That’s great! See, it’s not hard, lol. Be proud of yourself and keep going. We absolutely love canning our own foods and couldn’t imagine not having them on our shelves.
Thanks so much for not only answering my question but for answering it so quickly! Side note: You should record yourself reading children's books or something similar - your voice, cadence, etc is incredibly relaxing. Don't know if there's a niche market for that sort of thing but if there is, your readings would be incredibly popular. Anyway - was wondering about the brand of pressure cooker you use. Looks incredibly sturdy and since I gather your husband is an engineer, the brand you two decided on inspires confidence.
We have 3 All American pressure canners. Models 921 & 930. They are heavy cast aluminum. We have never had any issues with them and they always perform as expected. We highly recommend these pressure canners. The model 921 is a single layer canner that holds 7 quarts or 9 pints. Model 930 is a double decker canner that holds 14 quarts or 18 pints. We do a lot of canning and have for the past 25 years. This year will be our 26th year of home canning. I’m sure our 2 grandchildren enjoy hearing “MiMi” read to them 😊 Thanks for the compliment! -LeeAnn
@@OutdoorsandCountryLiving - You're very welcome and thanks for the advice - just ordered the 930. Looks incredibly well made and I like the idea of no rubber gasket to wear out. Eyeballing that grain mill you guys use as well. Also love that you're beekeepers - have a hive myself. Best to both of you.
@@thomasg3677 you’ll be glad to have one of these canners for sure! Beekeeping is awesome isn’t it?! The food mill is fantastic to have. Just one more tool for self sufficiency. Take care and may God bless you in your preparations!

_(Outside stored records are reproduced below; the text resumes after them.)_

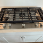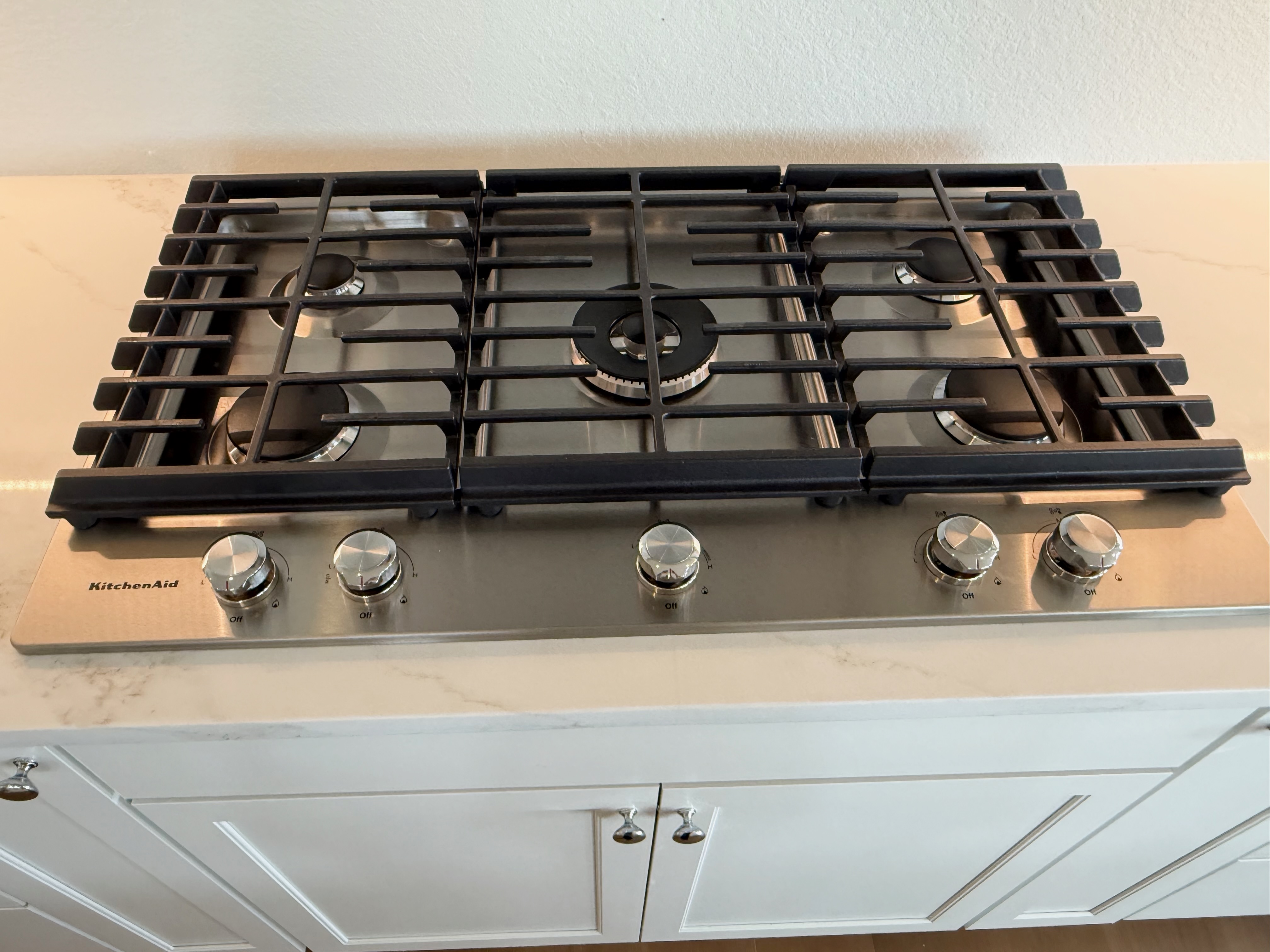 36” KitchenAid 5 burner gas cooktop in Stainless Steel Five individual burners includes a powerful 20,000 BTU Dual Ring Burner that is among the most powerful in the industry. The eye-catching design includes Multi-Finish Knobs and the scratch-resistant CookShield Finish help protect the surface against stains that may occur with high-temperature cooking.Model # KCGS556ESS06, Serial#DE3004977, Listing price new $1,398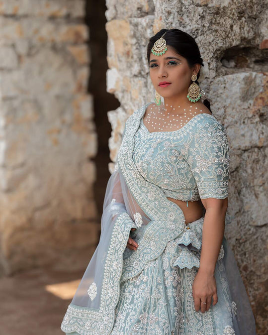 Powder Blue Sequins Hand Embroidered Lehenga Set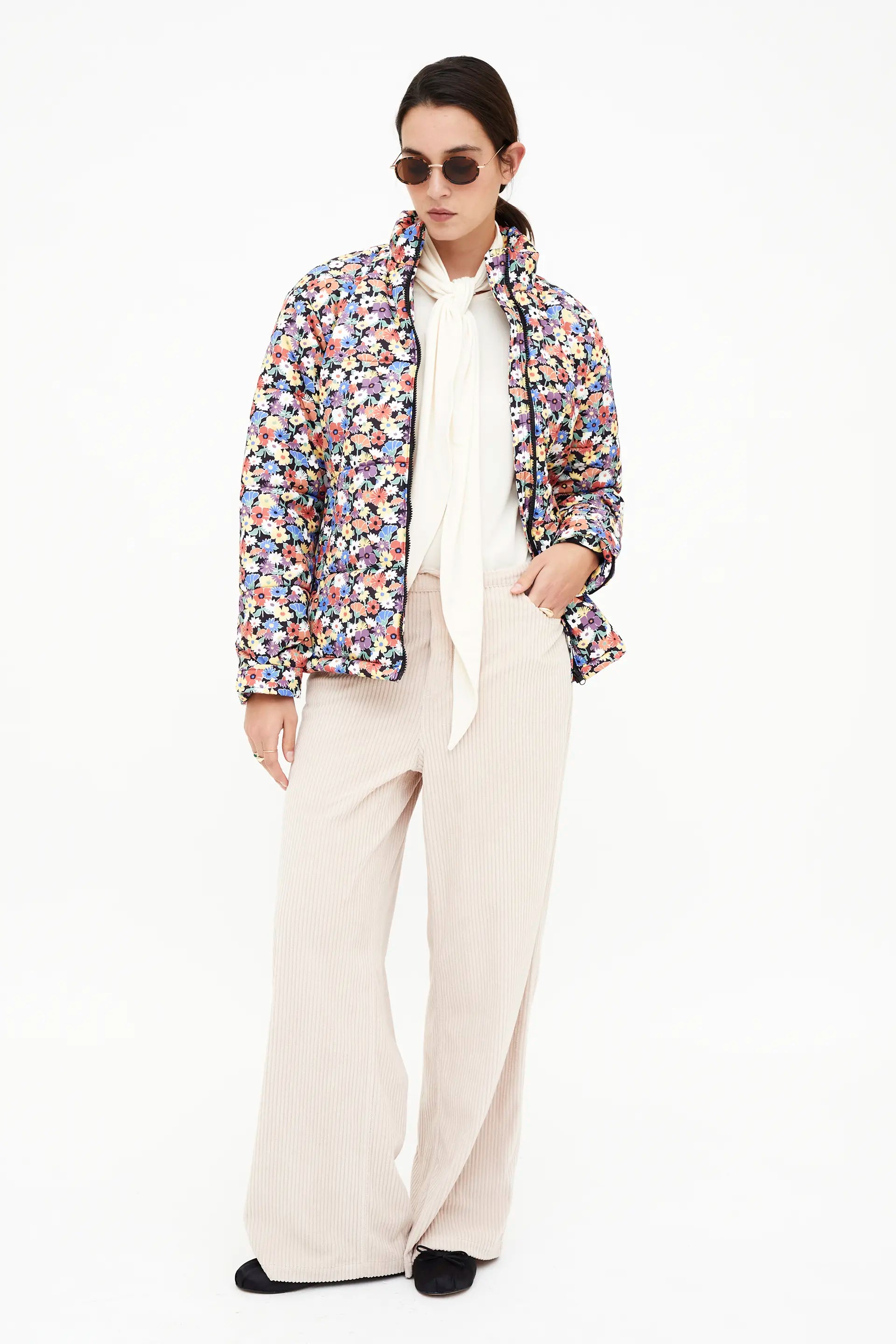 Cappotto corto Hampton con stampa piccola. Collo alto, maniche lunghe e tasche. Spalle leggermente scese. Chiusura con zip frontale. Tasche anteriori. Foderato. La modella è alta 174 cm e indossa una taglia S.

@@OutdoorsandCountryLiving - The 930 came yesterday. It's a beast! Going to have to wash it outside as it's way too big to do in my kitchen sink! I love well made equipment - can't stand flimsy. Thanks for the advice. Ordered the grain mill too - it's so popular that it's going to be 6 - 12 weeks until it ships. Happy to see an American small company doing so well. All the best from Southern Illinois
@@thomasg3677 you’re right, that canner is a beast but you’re going to be so happy to have it! As for the food mill, that is another excellent piece of equipment that will last generations and will serve you well. We couldn’t imagine not having it now. In our almost 8 years of our food mill use, we’ve never had an issue with it. Quality is worth the wait! -Tom & LeeAnn
Hi there! Butter is a low acid food, therefore requires to be pressure canned. Acidic foods are processed in a water bath canner. Thanks for watching and asking!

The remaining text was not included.